Kebakaran hutan dan lahan (karhutla) menjadi jenis bencana yang paling banyak terjadi sepanjang musim kemarau tahun ini.
Kepala Pelaksana BPBD Kalimantan Tengah, Ahmad Toyib, mengatakan tingginya jumlah kejadian bencana menjadi perhatian pemerintah daerah, terutama karena karhutla kembali mendominasi.
“Data hingga 13 Juli 2026 mencatat terdapat 640 kejadian bencana di Kalimantan Tengah. Dari jumlah tersebut, kejadian paling banyak adalah kebakaran hutan dan lahan,” kata Ahmad Toyib, Selasa (14/07/2026).
Berdasarkan data BPBD, sebanyak 435 kejadian merupakan karhutla. Selain itu, tercatat 99 kebakaran permukiman, 50 kejadian cuaca ekstrem, 47 banjir, empat kekeringan, tiga abrasi, dan dua tanah longsor.
BPBD menyebut seluruh pemerintah daerah bersama instansi terkait terus memperkuat langkah pencegahan dan penanganan bencana, terutama menghadapi meningkatnya potensi karhutla pada musim kemarau.
Dari sisi dampak, bencana yang terjadi sepanjang 2026 memengaruhi 68.493 jiwa. Sebanyak 10 orang dilaporkan mengalami luka-luka dan satu orang meninggal dunia.
Kerusakan akibat bencana juga meliputi 8.412 rumah terendam, 193 rumah rusak berat, 57 rumah rusak ringan, dan 25 rumah rusak sedang.

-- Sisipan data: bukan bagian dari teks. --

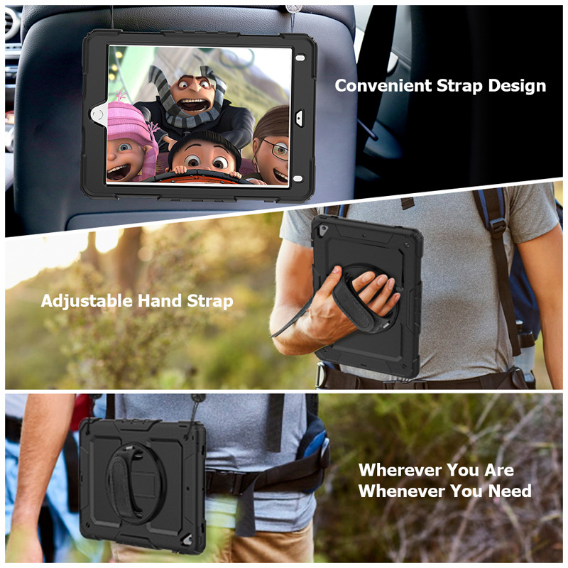 The handle grip helps for securely holding the tablet while on the move.The handle strap is also adjustable, so you can hold your tablet with one hand comfortably.
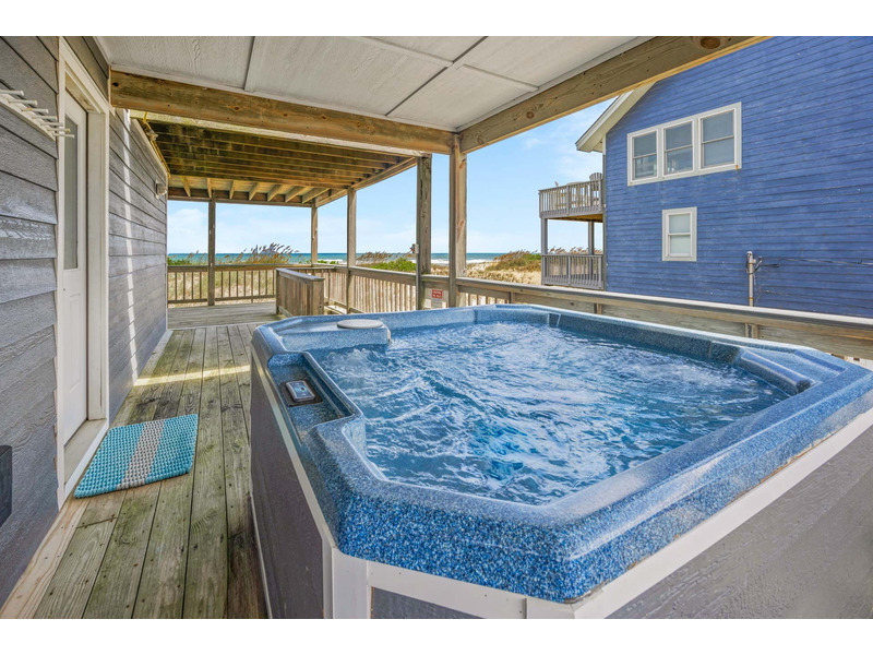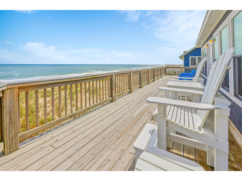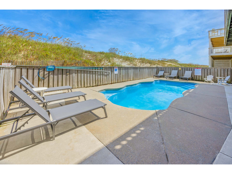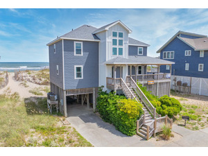 OCEANFRONT Avon- Oceanview Drive - Make yourself comfortable in ROBIN'S NEST. Along with the large oceanfront pool with poolside tiki bar with 43" flat screen TV, access to a cabana half bath and two outdoor showers, this home offers bountiful amenities inside. The ground level game room greets you with foosball table, 55" flat screen TV and BluRay player, sofa bed, refrigerator, half bath and laundry room. Step up to the mid-level foyer which opens two stories skyward and leads to a comfortable oceanfront retreat. There are three king master suites with private baths, all facing the ocean. Kids will love the double bunk bedroom with full hall bath. Additionally, queen bedroom can also be found on this level. Sunset and oceanfront decks with 6 person hot tub round out this level. Upstairs, tall cathedral ceilings open to the west entry view and a wall of oceanfront glass providing panoramic ocean views and a half bath. Your comfort was the priority in selecting the tastefully furnished and well-equipped upstairs living area featuring 65" flat screen TV with BluRay player and Surround Sound. Entertainment will be a pleasure with this gourmet kitchen with island bar, granite countertops, stainless steel appliances (including a gas range) and oceanfront dining for 12. A spacious oceanfront king master suite is located on this level as well. Enjoy the birds eye views from the top level deck. Alight in ROBIN'S NEST this year for a vacation to remember.
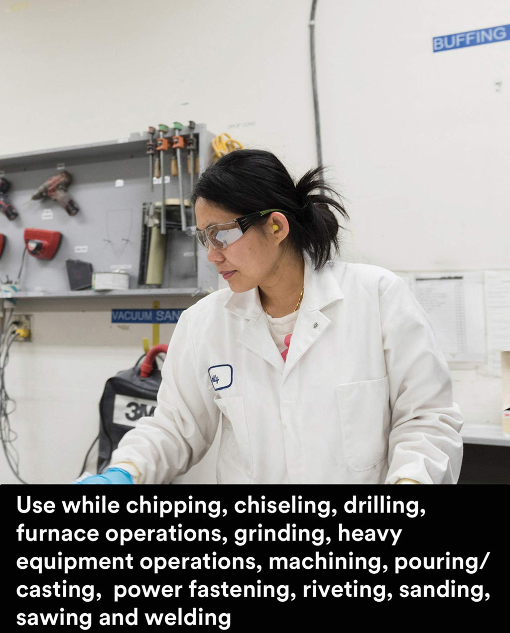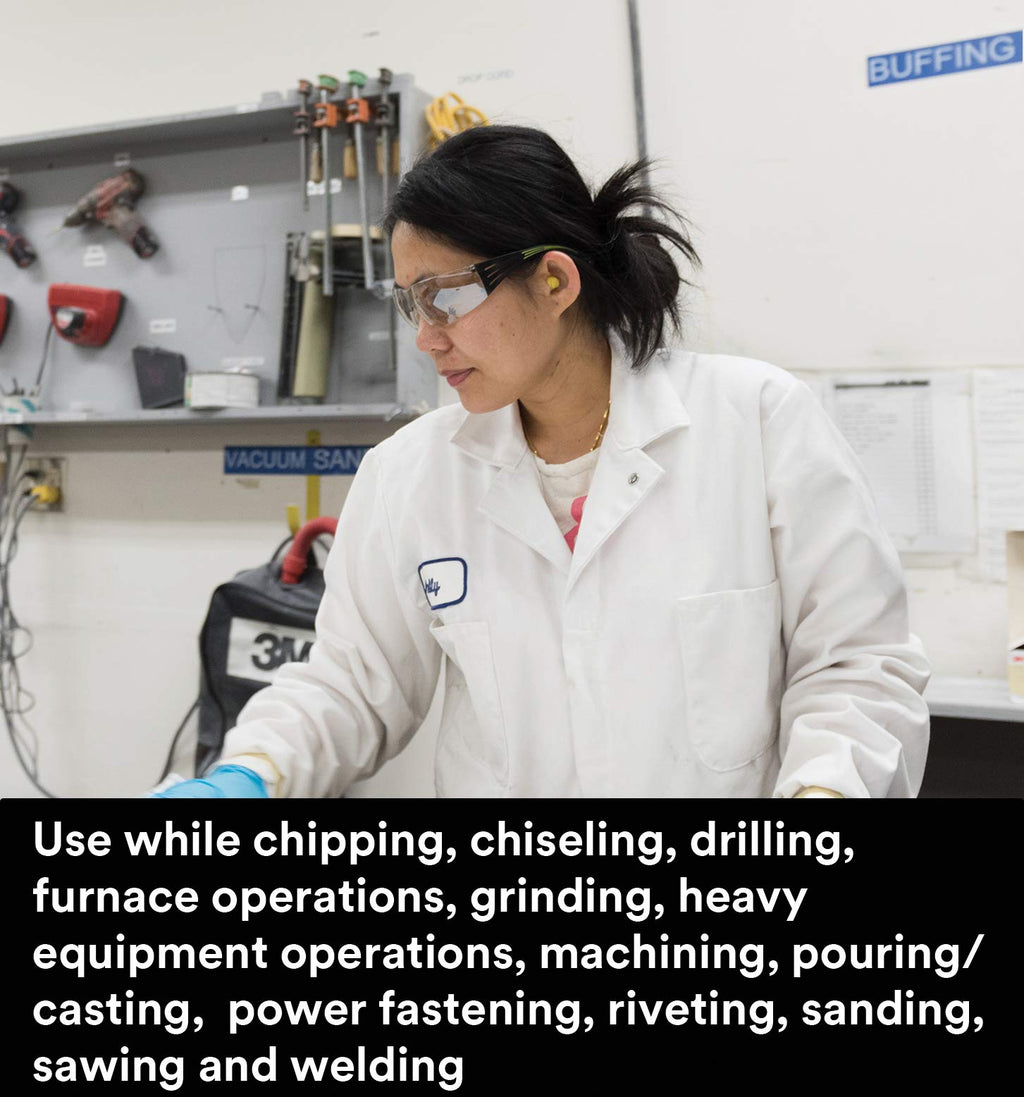 - Versatile: Use while chipping, chiseling, drilling, furnace operations, grinding, heavy equipment operations, machining, pouring/casting, power fastening, riveting, sanding, sawing and welding.

Selain permukiman, bencana turut berdampak pada 43 rumah ibadah, 89 satuan pendidikan, 25 fasilitas kesehatan, 16 kantor, 91 ruas jalan, serta 60 jembatan.
BPBD juga mencatat luas lahan yang terbakar mencapai 674,04 hektare hingga pertengahan Juli 2026.
Berdasarkan sebaran wilayah, Kota Palangka Raya menjadi daerah dengan jumlah kejadian bencana terbanyak, yakni 217 kejadian. Selanjutnya diikuti Kabupaten Kotawaringin Timur sebanyak 101 kejadian, Barito Utara 83 kejadian, dan Kotawaringin Barat 52 kejadian.
Kabupaten Sukamara mencatat 30 kejadian, Gunung Mas 29 kejadian, Pulang Pisau 24 kejadian, Lamandau dan Murung Raya masing-masing 22 kejadian, Katingan 18 kejadian, Kapuas 16 kejadian, Seruyan 13 kejadian, Barito Selatan 11 kejadian, serta Barito Timur dua kejadian.
Ahmad Toyib mengimbau masyarakat meningkatkan kewaspadaan terhadap potensi bencana, terutama karhutla. Ia meminta masyarakat tidak membuka lahan dengan cara membakar serta segera melaporkan apabila menemukan titik api agar dapat ditangani lebih cepat.